Hot swapping event generationA hot swapping event is a notification sent from the kernel space to the user space, indicating that the system configuration has changed. This event is generated no matter whether the kobject is created or deleted. Hot swapping events can cause/sbin/hotplug calls, which respond to events by loading drivers, creating device nodes, attaching partitions, or other correct actions.

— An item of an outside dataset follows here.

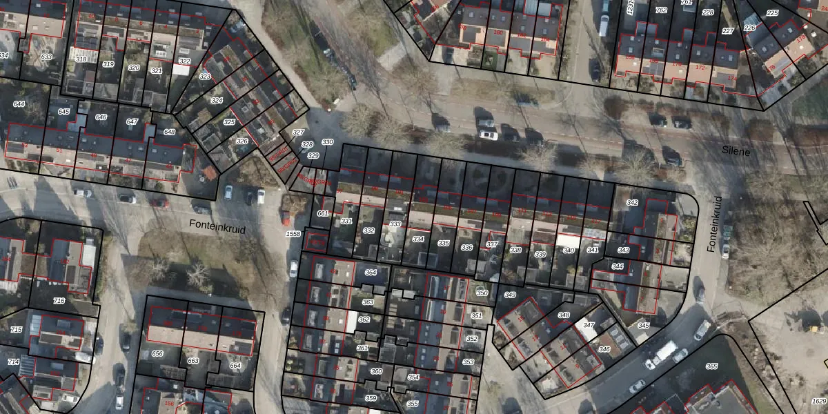 Het perceel waarop Silene 103 staat heeft een oppervlakte van 163 m². Dit is een middelgroot perceel. De perceeloppervlakte wordt geregistreerd door het Kadaster. Gedetailleerde informatie over de maten van dit perceel kunt u vinden in het rapport Kadastrale kaart met maatvoering van Silene 103.

The actual control of hot swapping events is implemented through a set of methods stored in the structure of kset_uevent_ops (struct kset_hotplug_ops * hotplug_ops introduced in ldd3; it has been replaced by the kset_uevent_ops struct in 2.6.22.2:

struct kset_uevent_ops {int (*filter)(struct kset *kset, struct kobject *kobj);const char *(*name)(struct kset *kset, struct kobject *kobj);int (*uevent)(struct kset *kset, struct kobject *kobj, char **envp,int num_envp, char *buffer, int buffer_size);};

You can find the pointer to the kset_uevent_ops structure in the uevent_ops Member of the kset structure. If the specified kset is not included in the kobject, the kernel searches in the layered structure through the parent pointer until a kobject containing the kset is found. Then, the kset hot swapping operation is used. The three methods in the kset_uevent_ops structure have the following functions:

(1) The filter function allows the kset code to determine whether to pass the event to the user space. If the filter returns 0, no event is generated. Taking the disk filter function as an example, it only allows kobject to generate disk and partition events. The source code is as follows:

static int block_hotplug_filter(struct kset *kset, struct kobject *kobj){struct kobj_type *ktype = get_ktype(kobj);return ((ktype == &ktype_block) || (ktype == &ktype_part));}

(2) When a user space hot swapping program is called, the sub-system name will be passed to it as a unique parameter. The name function is responsible for returning suitable strings to the hot swapping program in the user space. (3) Any other parameters obtained by the hot swapping script are passed through environment variables. The uevent function adds parameters to environment variables before calling the hot swapping script. Function prototype:

INT (* uevent) (struct kset * kset, struct kobject * kobj,/* target object for event generation */Char ** envp, /* an array that stores definitions of other environment variables (usually in name = value format) */INT num_envp,/* number of variables contained in the environment variable array (array size) */char * buffer, int buffer_size/* pointer and number of characters (size) of the buffer into which the environment variables are encoded * // * if you need to add any environment variables to envp, you must add a null entry after the last entry to let the kernel know the end of the array */);/* the return value should be 0, if a non-zero value is returned, the hot swapping event will be terminated */

Hot swapping events are usually generated by the logic at the bus driver layer. The above is an overview of the underlying principles of the Linux device model. For details, refer to the kernel source code and ulk3.